*** Data for this task Section Begins ***

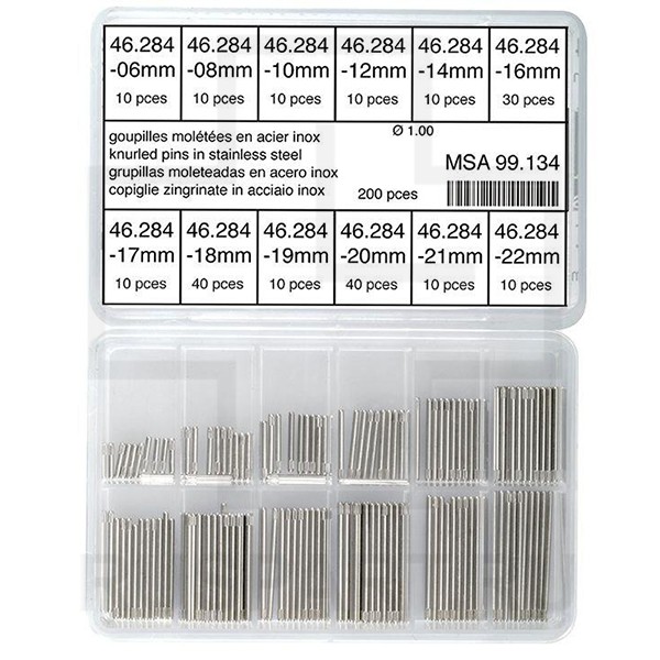 40x MSA46.284-18 /-20 ASSORTMENT OF KNURLED PINS, STAINLESS STEEL / 1.00 mm / 200 PIECES
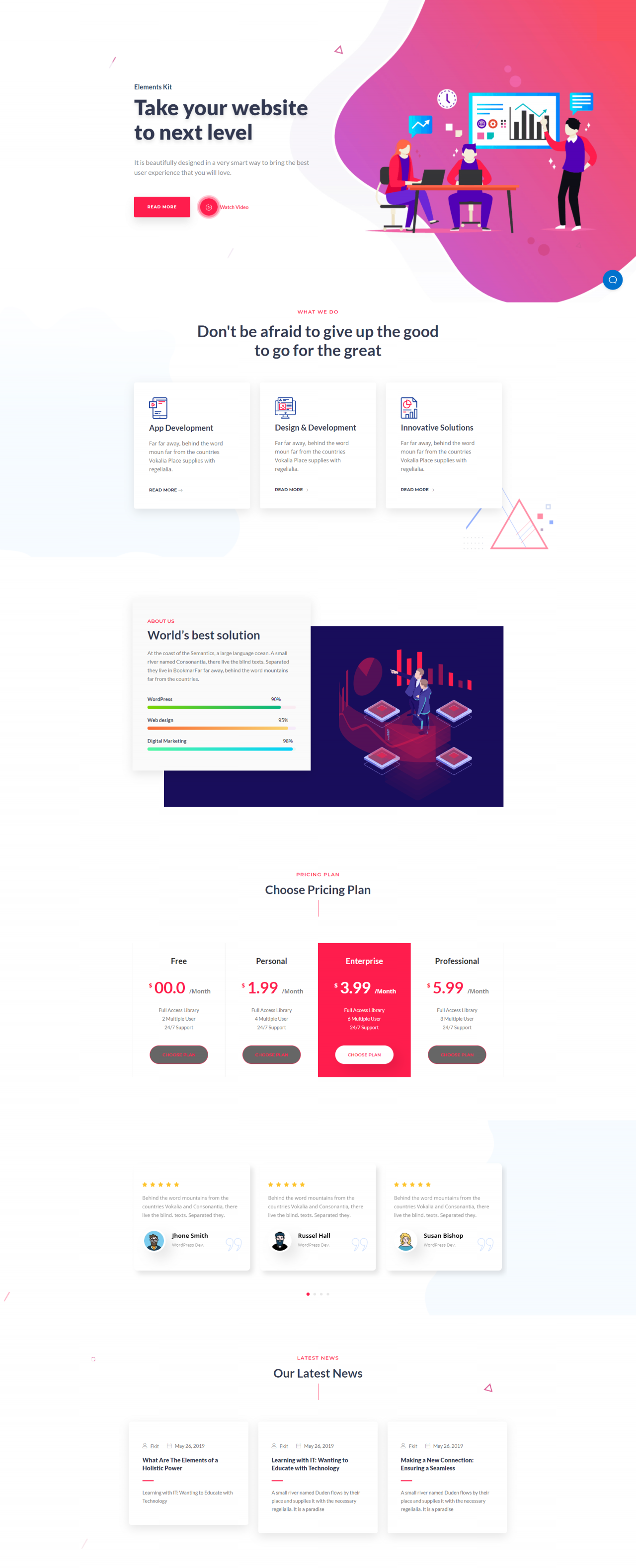Elements Kit Take your website to next level It is beautifully designed in a very smart way to bring the best user experience that you will love. Read More Watch Video WHAT WE DO Don’t be afraid to give up the good to go for the great App Development Far far away, behind the word […]
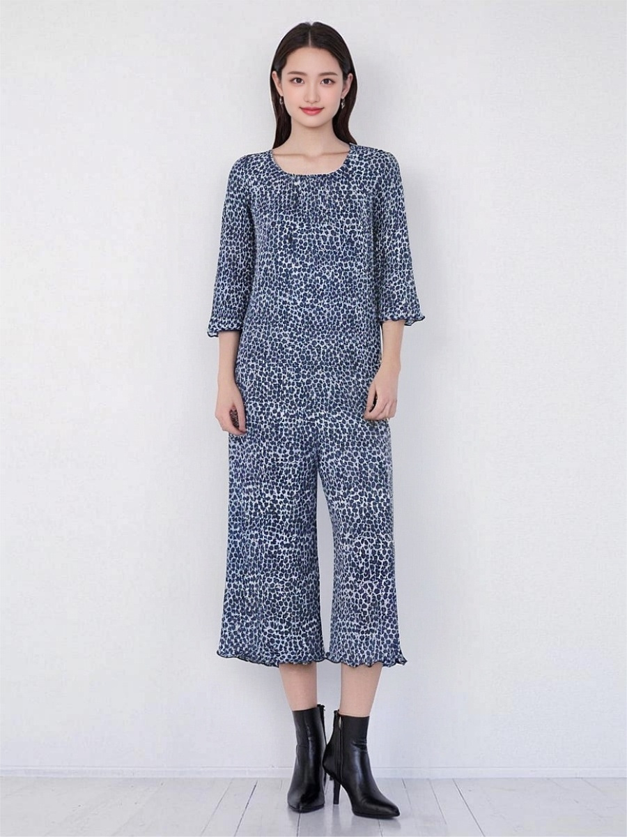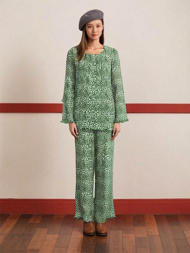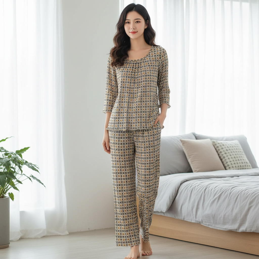 공장 직판 신상 봄가을 여성용 둥근넥 편안한 투피스 프린트 실크 홈웨어 잠옷
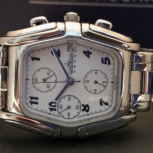 A very well-preserved stainless steel chronograph, back secured by screws, automatic movement, white dial Breguet numerals hour markers, date aperture at 3, 3 subsidiary dials, original bracelet with folding clasp deployante signed.
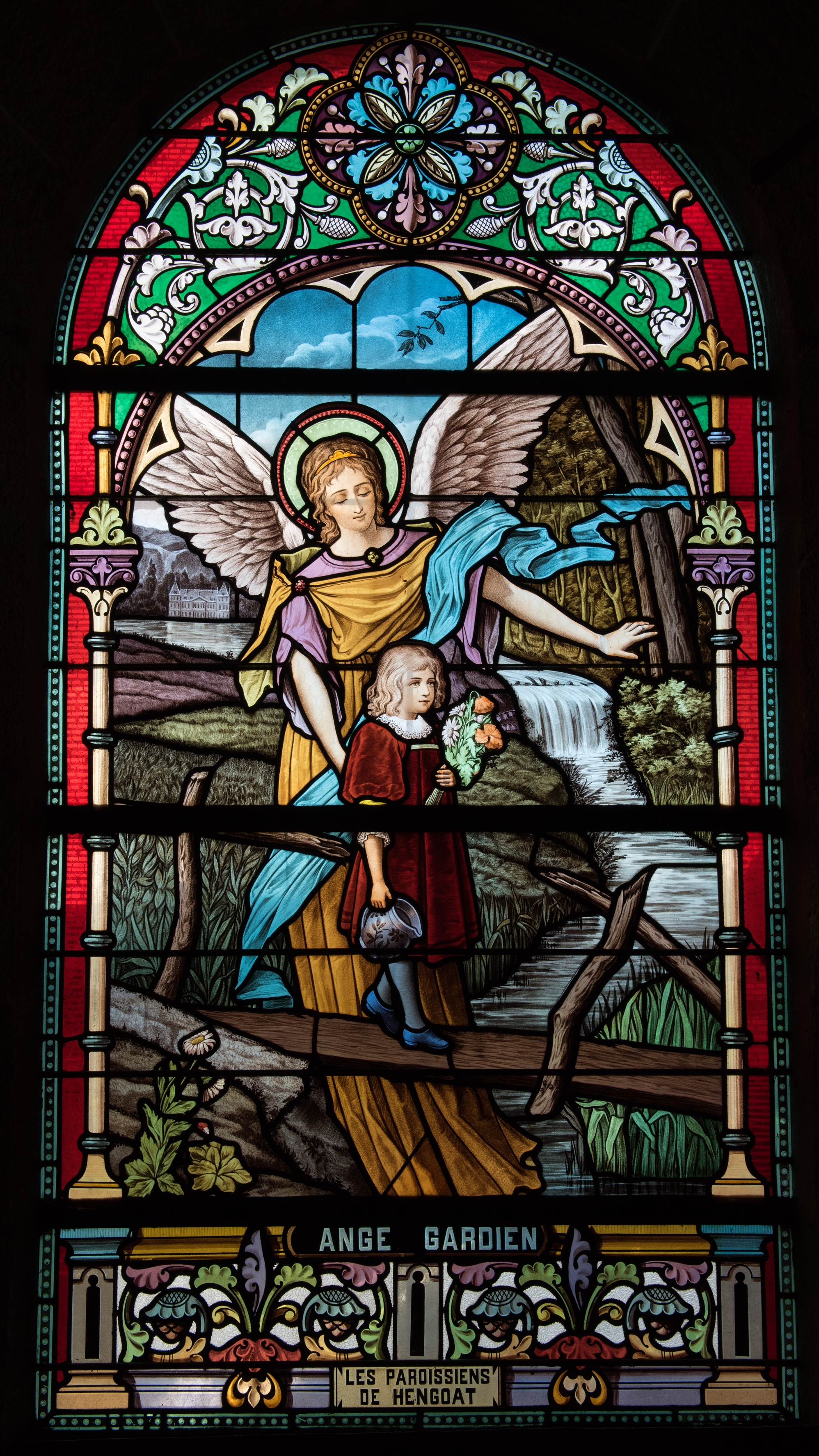 Verrière. Ange gardien. Bessac, maître-verrier (Grenoble), 1913-1914. Vue généraleImmatriculation
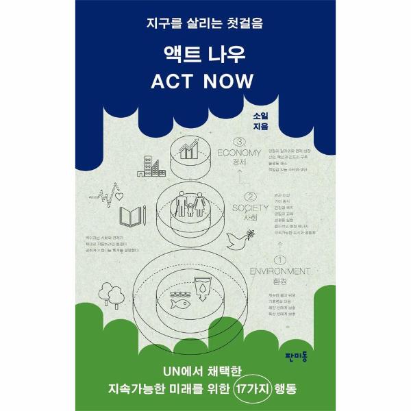 베스트셀러 『제로 웨이스트는 처음인데요』로 ‘쓰레기 없는 삶’에 앞장서 온 소일 작가의 신작 『액트 나우』가 판미동에서 출간되었다. 이 책은 유엔 총회에서 만장일치로 채택된 지속가능발전목표(SDGs를 기반으로 우리가 해결해야 할 환경·사회·경제의 도전 과제를 쉽게 풀어낸다. 빈곤 타파, 생태계 보호와 같이 추상적으로 느껴지는 과제들은 작가의 일상에서 저탄소 밥상, 탄소 가계부, 소비 디톡스 등의 소소한 실천을 통해 구체화되고, 전 지구적 목표는 어느새 우리의 평범한 생활 속으로 깊숙이 스며든다.
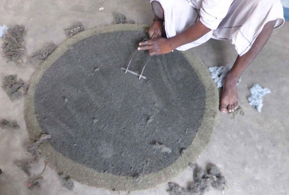 它由三种不同颜色的圆形模型和两种不同大小的圆形模型组成,一个正方形的版本,这是一个从来没有精确或对称的地毯。
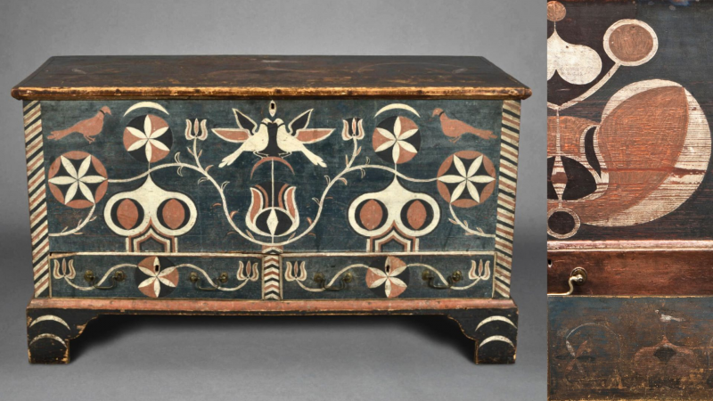 Explore the bold painted geometric designs of early 19th-century cabinetmaker Johannes Spitler. Working in the late 18th and early 19th centuries in Virginia’s Shenandoah Valley, Spitler drew upon his Swiss and German heritage to ornament local joiners’ work with brilliant, symbol-laden designs. His painted chests and clock cases—adorned with stylized birds, hearts, crescent moons, tulips and compass-drawn flowers—reflect a worldview in which every motif carried meaning: abundance, faith, love, fertility, and spiritual growth. The vines and flowers that entwine his designs speak not only to the natural cycles of an agrarian life but also to the inner flowering of the human spirit.
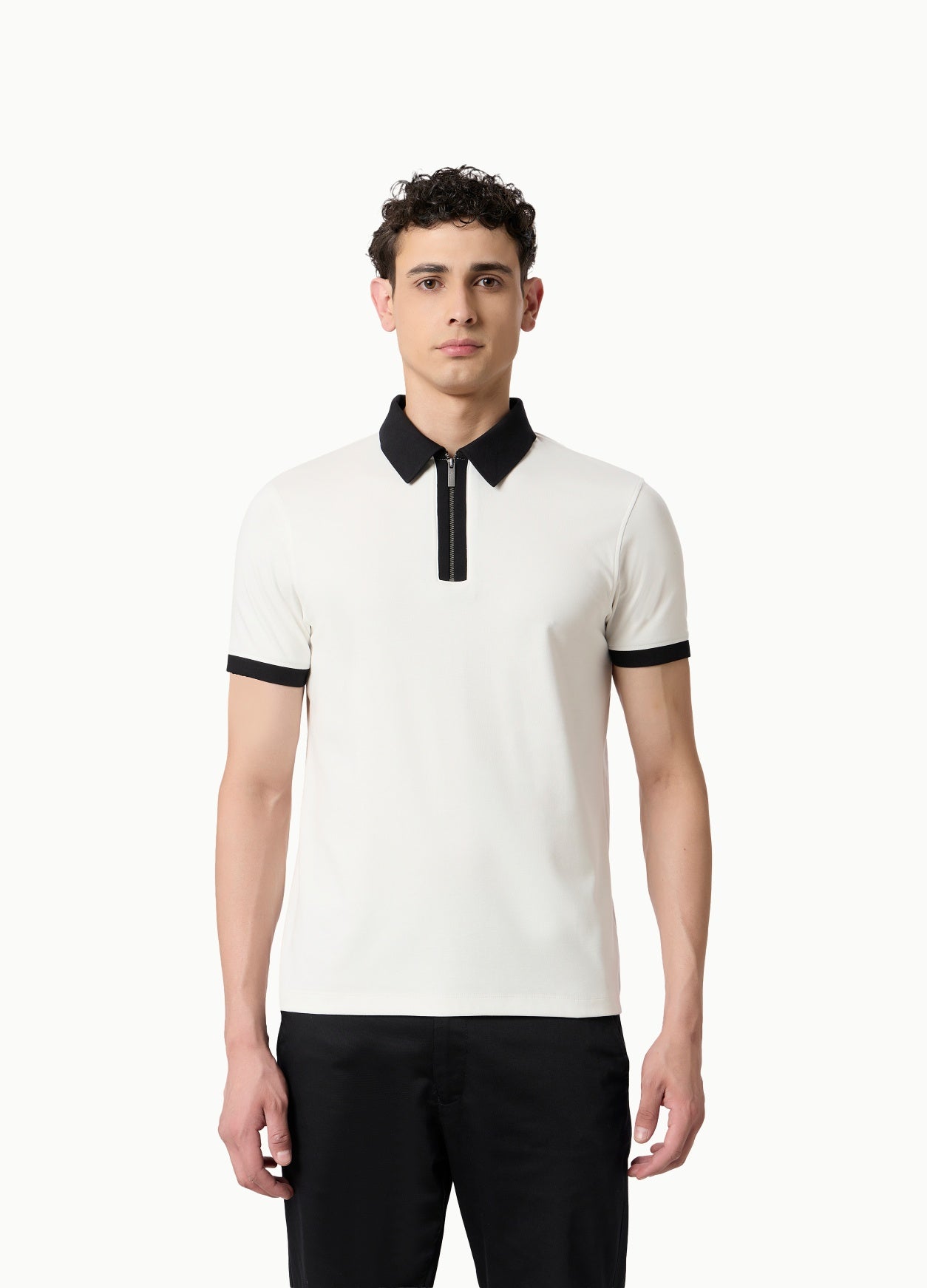 Heading Out. Effortlessly Ready.This is the perfect Outfit . Clean, versatile, and timeless — the White Zipper Polo is a wardrobe essential elevated by craft. Made from Lustrastrong™ cotton, it offers a smooth touch, lightweight breathability, and a refined silhouette that moves with ease.
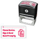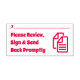 This trendy rubber stamp design features the message "Please Review, Sign & Send Back Promptly", plus a line that a signature or initials could be written above. It could perhaps be used by a teacher or an administrative professional to request that somebody review and acknowledge the contents of a document.
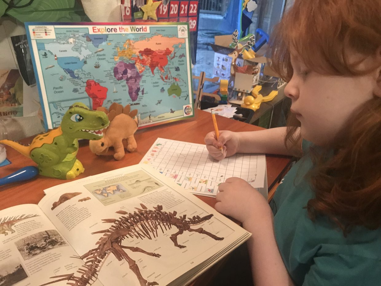 Mom is teaching me how to look up each name in the index and then get the answers by turning to the correct page. (Thanks again for the Dinosaur book, Auntie Deb! It’s super helpful!)
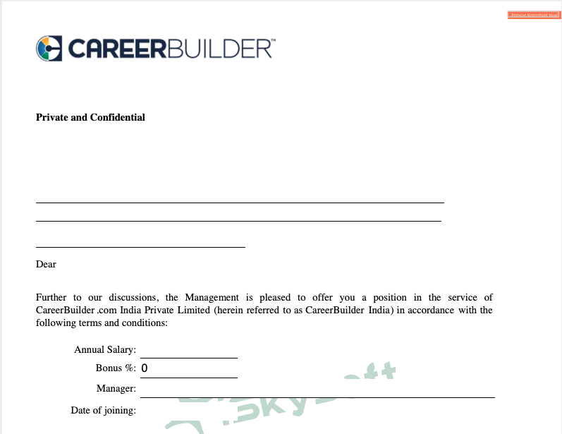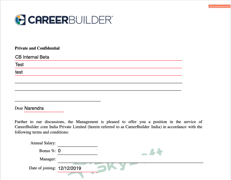 Step 4: When I open the finished letter as a CBAT user the lines are not there. This is what I would expect the letter to look like when the candidate opens the offer letter in the DMS signing portal.
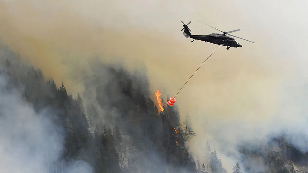 Hubschrauber fliegen Wasser auf den brennenden Berg
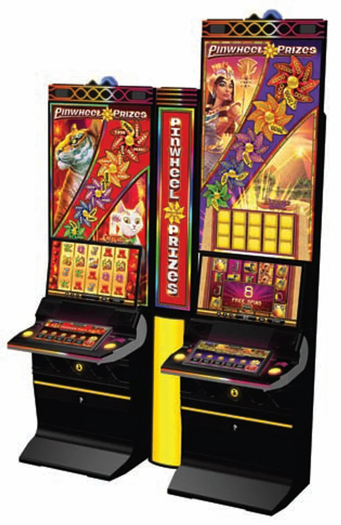 The Pinwheel Prizes series features two inaugural games, Pinwheel Prizes Cat & Tiger and Pinwheel Prizes Majestic Oasis. Both are 40-line games with five pinwheels on the top monitor displaying credit prizes. Scatters increase the value of the pinwheel wedges, which remain until three scatter symbols trigger a spin.
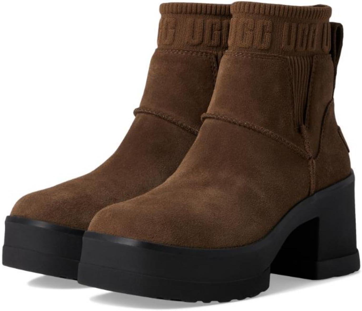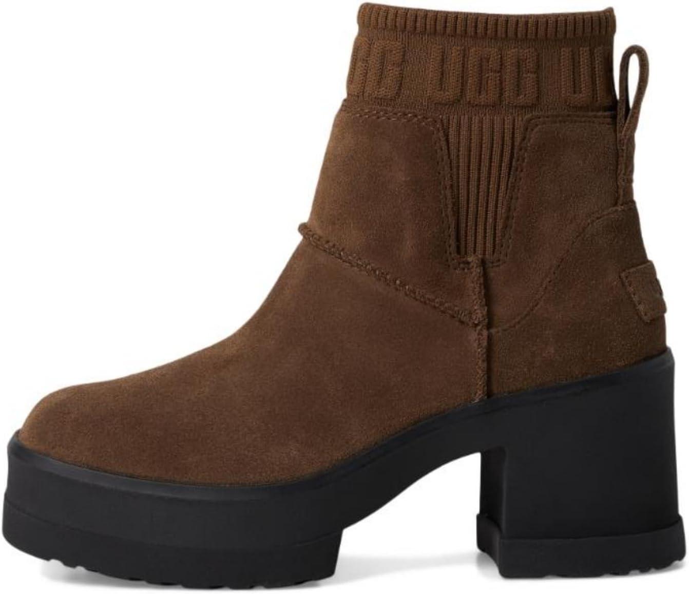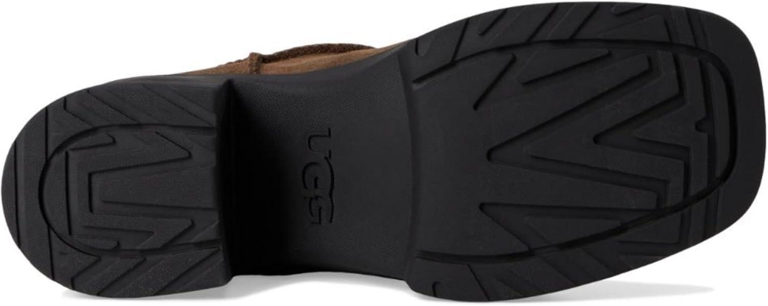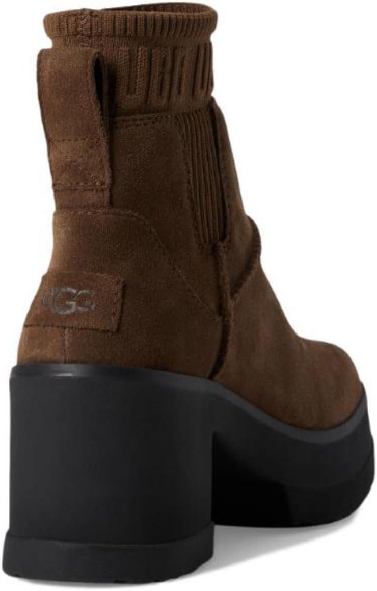 If you love our Brooklyn boot, you'll adore our Moxy Chelsea. It delivers the features you love about the Brooklyn like the chunky lug sole, Twin Seam details, and The Graphic UGG® Font knit gore, and adds a chic, square toe. The upper is crafted with water-resistant suede and lined with soft microfiber for wear-all-day comfort. Set upon a lightweight rubber outsole that adds 2″ of height at the platform, and 3″ at the heel.

*** Data for this task Section Ends ***

Task requirements:
Only the lines from the start of the records to the one containing "它由三种不同颜色的圆形模型和" should be repeated, exactly and with both ends kept; drop any pictures.

Your response:
 40x MSA46.284-18 /-20 ASSORTMENT OF KNURLED PINS, STAINLESS STEEL / 1.00 mm / 200 PIECES
Elements Kit Take your website to next level It is beautifully designed in a very smart way to bring the best user experience that you will love. Read More Watch Video WHAT WE DO Don’t be afraid to give up the good to go for the great App Development Far far away, behind the word […]
 공장 직판 신상 봄가을 여성용 둥근넥 편안한 투피스 프린트 실크 홈웨어 잠옷
 A very well-preserved stainless steel chronograph, back secured by screws, automatic movement, white dial Breguet numerals hour markers, date aperture at 3, 3 subsidiary dials, original bracelet with folding clasp deployante signed.
 Verrière. Ange gardien. Bessac, maître-verrier (Grenoble), 1913-1914. Vue généraleImmatriculation
 베스트셀러 『제로 웨이스트는 처음인데요』로 ‘쓰레기 없는 삶’에 앞장서 온 소일 작가의 신작 『액트 나우』가 판미동에서 출간되었다. 이 책은 유엔 총회에서 만장일치로 채택된 지속가능발전목표(SDGs를 기반으로 우리가 해결해야 할 환경·사회·경제의 도전 과제를 쉽게 풀어낸다. 빈곤 타파, 생태계 보호와 같이 추상적으로 느껴지는 과제들은 작가의 일상에서 저탄소 밥상, 탄소 가계부, 소비 디톡스 등의 소소한 실천을 통해 구체화되고, 전 지구적 목표는 어느새 우리의 평범한 생활 속으로 깊숙이 스며든다.
 它由三种不同颜色的圆形模型和两种不同大小的圆形模型组成,一个正方形的版本,这是一个从来没有精确或对称的地毯。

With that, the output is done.